CD Projekt RED Won't Commit to Gender Fluidity in ‘Cyberpunk 2077’ (Yet)

The studio told Waypoint it’s “something we’ve looked at” for the character creator.
June 26, 2018, 6:28pm
Image courtesy of CD Projekt RED

As you’ve no doubt heard from a million others, CD Projekt RED’s Cyberpunk 2077 demo, so far unreleased to the public, was an E3 highlight. During that demo, the studio only briefly lingered on the character creator screen, noting it was unfinished. But as I tried to take in as much as possible, one thing stood out: the gender options were limited to men and women.

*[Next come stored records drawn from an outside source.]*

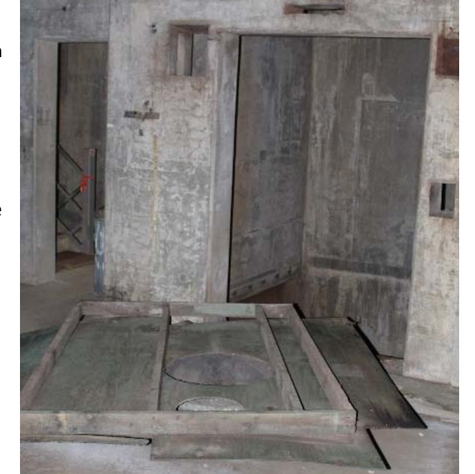
Elevator shaft where grip fell with wooden guard on the floor that used to cover shaft opening.

SHARP Publication # 52-50-2021_summary. The full version of this investigation report, along with the detailed recommendations and discussions section, can be found at: http://www.lni.wa.gov/safety-health/safetyresearch/files/2021/52 50 2021 MediaGripFall.pdf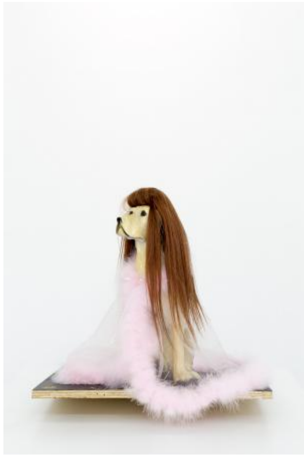
Suzie, formerly known as Guus, 2019 ceramic, human hair, feathers and tulle, 50 x 50 x 50 cm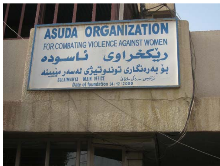
The NGO ASUDA runs a shelter in Sulaimaniya

A women caseworker at a shelter in the Kurdistan Region told Amnesty International: "I have received threats from the day I have started working here several years ago." She reported one incident in 2008 when a relative of a woman staying at the shelter threatened her by phone saying: "I want to tell you that I know you and your family name. I know that you gave the names of the men suspected of having attacked her to the police and you also wrote the letter to the court. You defend her but that is wrong. I warn you!" After the call the caseworker informed the police and as a safety measure left her workplace and took her child out of the kindergarten for that day. The caller was never identified.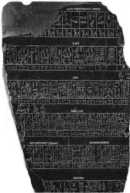
Fig. 1. The Palermo Stone (reconstruction)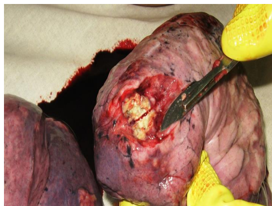
Figure 3: Postmortem specimen of lung parasitic metastases in a 38-year old female patient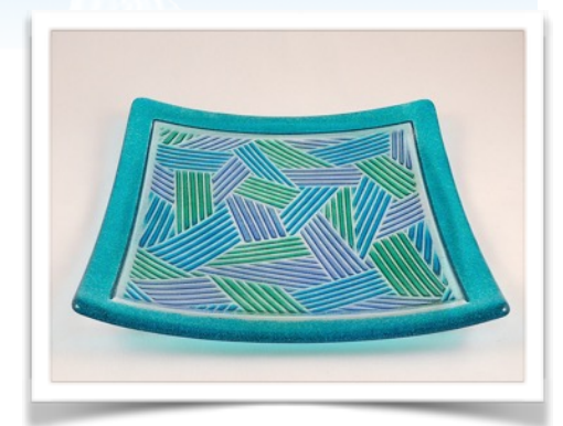
Variation #1: Uroboros Teal Green, Light Blue, and Deep Aqua frit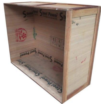
Rectangular Plywood Packaging Box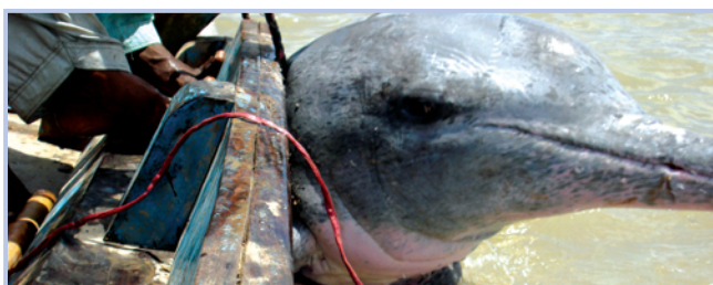
The tied dolphin before being released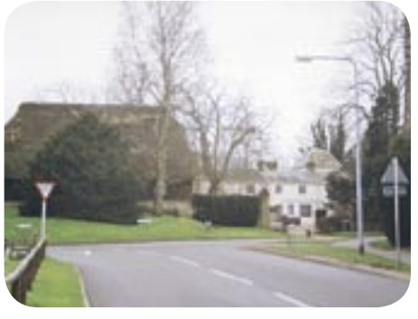
East Oakley House and barn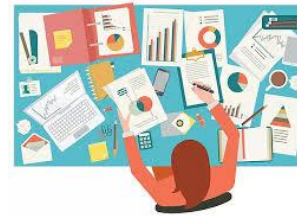
In-class exercises, case studies and short projects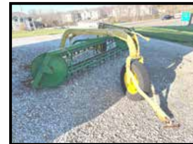
John Deere #64 side delivery hay rake w/dolly wheel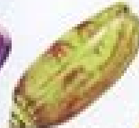
Lettered Olive (CB, CB)

Olivella biplicata To 1.5 in. (4 cm) high Smooth shell has a central spine. Color varies from purple to white and brown. Carnivorous scavenger feeds on animal remains. Shells were used by Native Americans in jewelry.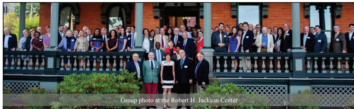
Group photo at the Robert H. Jackson Center

Interactive porch sessions spanned a range of topics from non-State Actors and IHL, to Islamic Extremism, Cyber Warfare and LOAC. For more information, visit the IHL Dialogs website.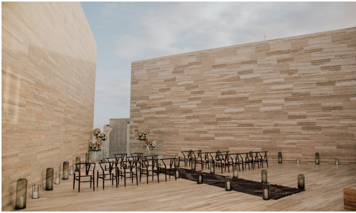
Blue Horizon Accomodates 2 - 30 guests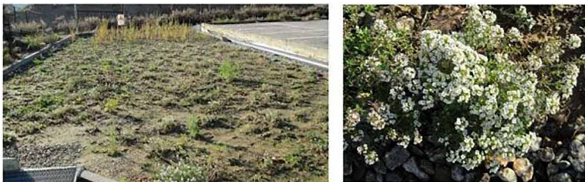
Figure 10 | The stormwater filter experimental site at University of Calabria.

Finally, the stormwater filter experimental site ( Figure 10 ), installed downstream from the permeable pavement, is used to treat stormwater runoff discharged from the adjoining impervious parking lot. It has a surface area of around 125 m 2 , an average slope of 2%, and a total profile depth of 0.75 m, and is covered by a soil substrate vegetated with Mediterranean species. A high permeability geotextile is placed between the soil substrate and the filter layer to prevent fine particles from migrating into the underlying layer. The filter layer is composed of highly permeable gravelly material. Finally, an impervious membrane at the bottom of the profile prevents water percolation into deeper horizons. Based on data collected at the experimental site ( Brunetti et al. 2017 ), the

Cyberpunk 2077 is based on the long running tabletop game Cyberpunk, and one version of the game has a sketchy history when it comes to gender. If you decide to undergo a “sex-change,” as the game puts it, you’ll lose part of your “humanity,” a stat that, if driven down enough, results in “cyberpsychosis,” where you lose control of the character and the Game Master takes over.

Given how much CD Projekt RED is playing up the amount of choice players will have in Cyberpunk 2077, it’d seem a little out of place for their game to overlook gender fluidity. Waypoint had a chance to speak with Cyberpunk 2077 quest designer Patrick Mills for a few minutes at E3 about a variety of subjects, including the character creator’s limited options.

“It’s too early to say,” he said, “but it’s definitely something that we’ve looked at.”


Not a yes, but also not a no?

The notion of gender fluidity in Cyberpunk 2077 has been kicked around as long as the game’s been in development. It doesn’t take long to find threads with fans speculating about what CD Projekt RED might do, given Cyberpunk itself doesn’t provide an explicit roadmap.

Murmuring among skeptical fans ranges from unsurprising bigotry (“That type of shit has no place in a game like this. We dont need our fav game and possibly the game of the decade plagued by gender politics like we already suffer from in real life.”) to your typical strawman arguments about how “the list of genders if long/theoretically endless,” thus it's an impossible problem to solve.

Though Mills wasn’t able to elaborate on where CD Projekt RED will land on the issue, any movement they make in the direction of embracing non-binary gender pronouns is likely to cause a ripple of controversy, however unwarranted. Harebrained Schemes’ quiet inclusion of the option to create a character in BattleTech with they/them pronouns elicited a reaction, and BattleTech is a game with a fraction of the attention Cyberpunk 2077 will soon garner.

That’s precisely the reason it’d be socially important for Cyberpunk 2077 to give players more options. The more often games embrace pronoun variety, the less it seems like an outrageous political stance, emboldening gaming culture’s worst actors. It becomes normal.

“Personally, as a gender-fluid pansexual,” wrote one user on reddit, as part of an eventually locked thread discussing this very issue, “this is a hugely important topic and selling point for me. I do hope they think about incorporating this into the game not just for realism but in order to prove they are a truly progressive company who want to move with the times.”